Looks like you are encountering an overfitting problem, i.e. the classifier trained using the training data is overfitting to the training data. It has poor generalization ability. That is why the performance on the testing dataset isn't good.
cross_val_predict is actually training the classifier using part of your testing data and then predict on the rest. So the performance is much better.
Overall, there seems to be quite some difference between your training and testing datasets. So the classifier with the highest training accuracy doesn't work well on your testing set.
Another point not directly related with your question: since the number of your training samples is much smaller than the feature dimensions, it may be helpful to perform dimension reduction before feeding to classifier.
It looks like your training and test process are inconsistent. Although from your code you intend to standardize your data, you fail to do so during testing. What I mean:
clf = make_pipeline(StandardScaler(), LogReg)
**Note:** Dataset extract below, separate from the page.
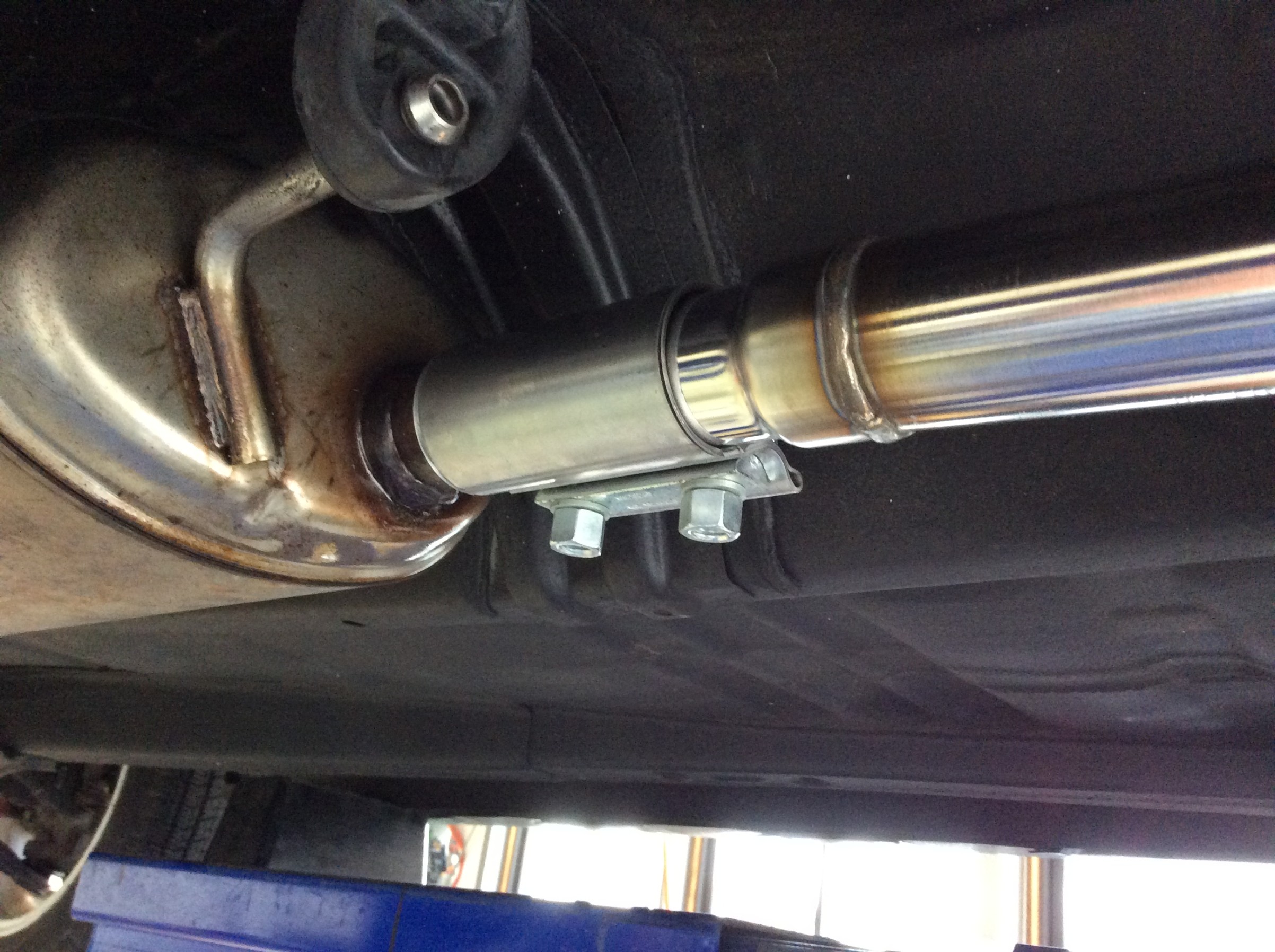 純正マフラーをカットして取り付けるので、HKSマフラーの差し込み部分はこんな形状しています。
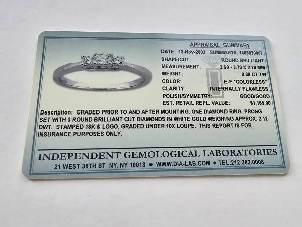 IGL Report “IF” (Internally Flaweless) Diamonds

LogReg.fit(X_train, y_train)
Although you define a pipeline, you do not fit the pipeline (clf.fit) but only the Logistic Regression. This matters, because your cross-validated score is calculated with the pipeline (CV_score = cross_val_score(clf, X_train, y_train, cv=10, scoring='roc_auc')) but during test instead of using the pipeline as expected to predict, you use only LogReg, hence the test data are not standardized.
The second point you raise is different. In y_pred = cross_val_predict(clf, X_test, y_test, cv=5)
you get predictions by doing cross-validation on the test data, while ignoring the train data. Here, you do data standardization since you use clf and thus your score is high; this is evidence that the standardization step is important.
To summarize, standardizing the test data, I believe will improve your test score.
Firstly it makes no sense to have 258 features for 60 training items. Secondly CV=10 for 60 items means you split the data into 10 train/test sets. Each of these has 6 items only in the test set. So whatever results you obtain will be useless. You need more training data and less features.